- How to complete this task
Once the pictures have been excluded, set down each remaining entry word for word.

- Provided data
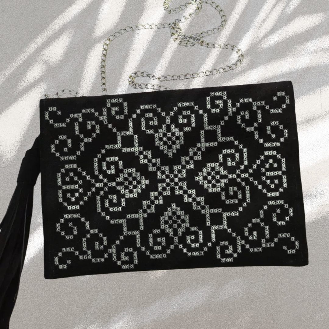 Вот он! Блестящий мозаичный клатч, очень легкий в исполнении! Но, согласитесь, какой же он красивый, как будто из настоящих алмазов выложили замысловатый узор. Просто, быстро, но удивительно элегантно!
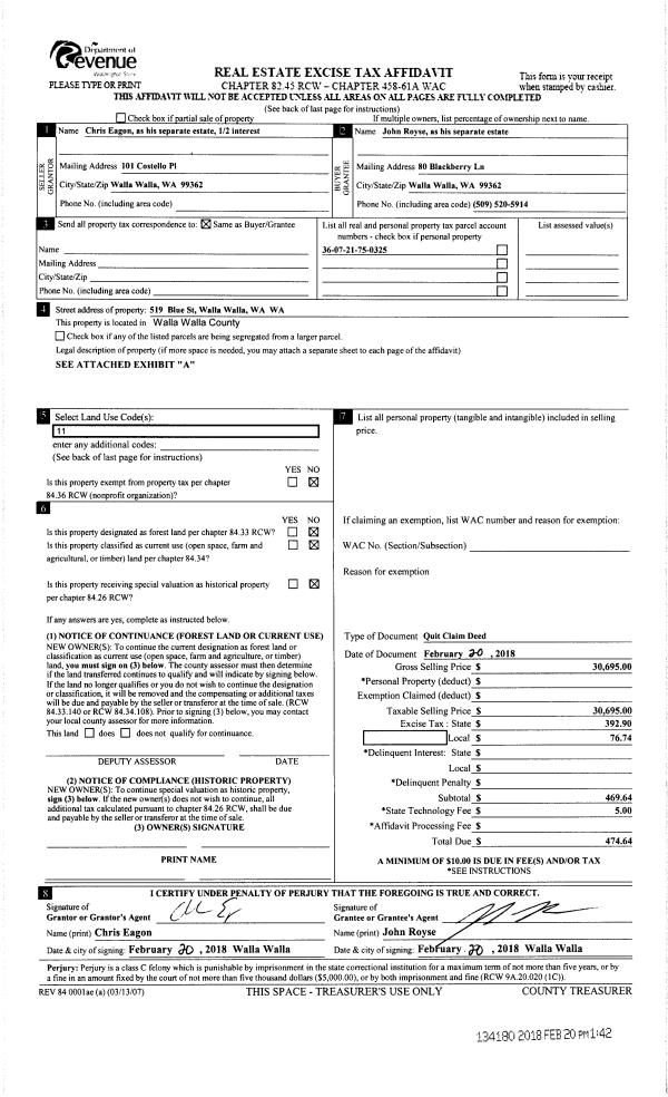 | 1 | 02/20/2018 | QCD | QUIT CLAIM DEED | EAGON CHRIS | ROYSE JOHN | | | $30,695.00 | 134180 | 2018-01417 |
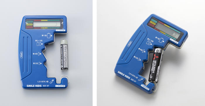 ・この電池チェッカーは、測定する電池から電池に応じた電流を消費しながら測定しますので、電池本来の残量測定ができ、電池に使用する機器が適切に判断できます。
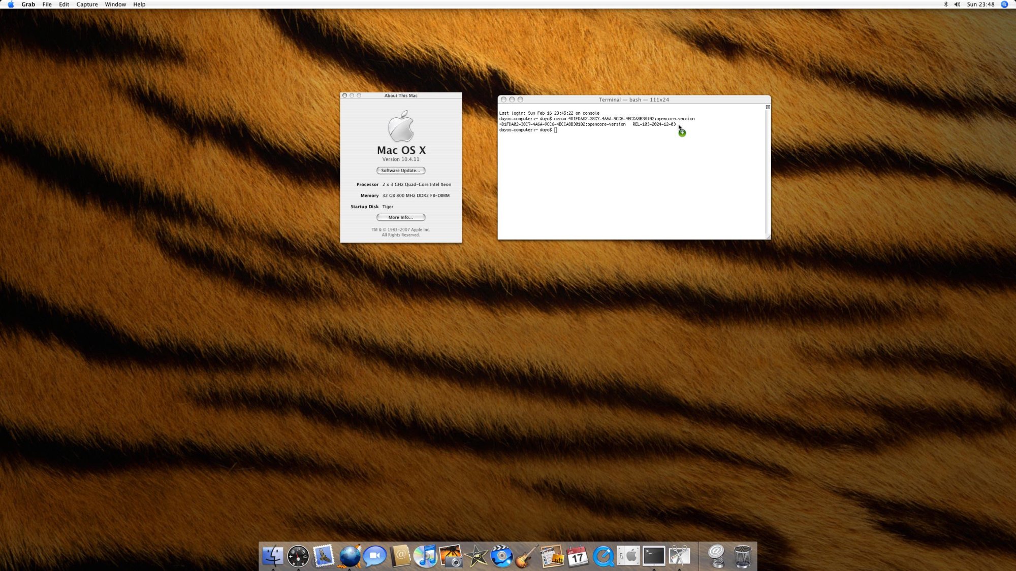 Below are screenshots from Tiger and from Mountain Lion booted via OpenCore (iMacPro1,1 Spoof).
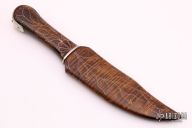 This knife by Master Smith Jay Hendrickson features a mirror finished blade with a false top edge, hidden tang construction with .199" blade stock and 1.277" blade depth. The handle has a nickel silver guard and butt plate, curly maple handle with silver wire inlays and copper pin inlays. Includes a matching curly maple sheath with silver wire inlays and copper pin inlays, stamped 2007 and is also stamped "5160". Excellent condition.
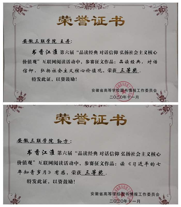 11月20日,由安徽省高等学校图书工作委员会主办的第六届书香江淮“品读经典对话信仰弘扬社会主义核心价值观”互联网阅读活动颁奖暨第七届活动启动仪式在梅山饭店举行。此次活动共收到全省征文作品11319篇,经专家评审,评审出征文获奖者70名,其中我校学生的两篇征文获比赛三等奖。
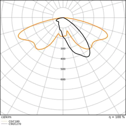 L'alloggiamento impermeabile di questa sorgente luminosa non è l'unica ragione per cui è perfetta per l'uso all'aperto. Infatti bisogna considerare anche la distribuzione della luce di questa lampada stradale, che ha apertura del fascio luminoso di 50x150° ed emette luce di colore .
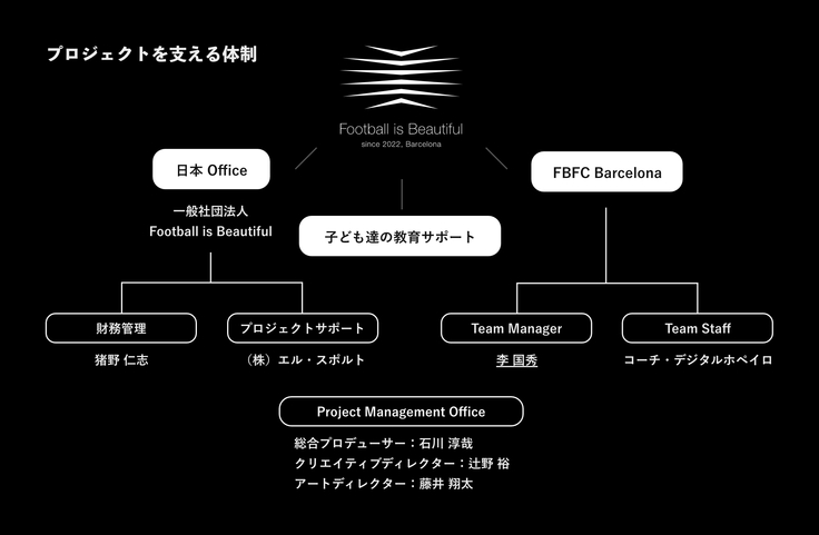 2030 年に日本が ワールドカップで優勝する。 可能だろうか? 考えてみないか? 世界のリーグで日本の選手がプレイするようになっても、私たちが感じている閉塞感。 日本のサッカーは、このままではどこにも行かないのではないか? いまここに、あなたが参加することで初めて実現する、まったく新しいプロジェクトが始まる。 15~16才の子供たちを、日本の高校ではなく3年間バルセロナを拠点としたヨーロッパで、丁寧に育てる。チャンピオンズリーグで、独特の存在感を示せる選手を、毎年このメンバーから輩出する。 母体となるのは、学校ではない。企業でもない。 サッカーを愛する一人ひとりのサポーター。 あなたもその一人。 Football is Beautiful 美しく勝とう。 日本サッカーは、まだまだやれる。ここが、その新たなスタート。

- Written answer
 Вот он! Блестящий мозаичный клатч, очень легкий в исполнении! Но, согласитесь, какой же он красивый, как будто из настоящих алмазов выложили замысловатый узор. Просто, быстро, но удивительно элегантно!
 | 1 | 02/20/2018 | QCD | QUIT CLAIM DEED | EAGON CHRIS | ROYSE JOHN | | | $30,695.00 | 134180 | 2018-01417 |
 ・この電池チェッカーは、測定する電池から電池に応じた電流を消費しながら測定しますので、電池本来の残量測定ができ、電池に使用する機器が適切に判断できます。
 Below are screenshots from Tiger and from Mountain Lion booted via OpenCore (iMacPro1,1 Spoof).
 This knife by Master Smith Jay Hendrickson features a mirror finished blade with a false top edge, hidden tang construction with .199" blade stock and 1.277" blade depth. The handle has a nickel silver guard and butt plate, curly maple handle with silver wire inlays and copper pin inlays. Includes a matching curly maple sheath with silver wire inlays and copper pin inlays, stamped 2007 and is also stamped "5160". Excellent condition.
 11月20日,由安徽省高等学校图书工作委员会主办的第六届书香江淮“品读经典对话信仰弘扬社会主义核心价值观”互联网阅读活动颁奖暨第七届活动启动仪式在梅山饭店举行。此次活动共收到全省征文作品11319篇,经专家评审,评审出征文获奖者70名,其中我校学生的两篇征文获比赛三等奖。
 L'alloggiamento impermeabile di questa sorgente luminosa non è l'unica ragione per cui è perfetta per l'uso all'aperto. Infatti bisogna considerare anche la distribuzione della luce di questa lampada stradale, che ha apertura del fascio luminoso di 50x150° ed emette luce di colore .
 2030 年に日本が ワールドカップで優勝する。 可能だろうか? 考えてみないか? 世界のリーグで日本の選手がプレイするようになっても、私たちが感じている閉塞感。 日本のサッカーは、このままではどこにも行かないのではないか? いまここに、あなたが参加することで初めて実現する、まったく新しいプロジェクトが始まる。 15~16才の子供たちを、日本の高校ではなく3年間バルセロナを拠点としたヨーロッパで、丁寧に育てる。チャンピオンズリーグで、独特の存在感を示せる選手を、毎年このメンバーから輩出する。 母体となるのは、学校ではない。企業でもない。 サッカーを愛する一人ひとりのサポーター。 あなたもその一人。 Football is Beautiful 美しく勝とう。 日本サッカーは、まだまだやれる。ここが、その新たなスタート。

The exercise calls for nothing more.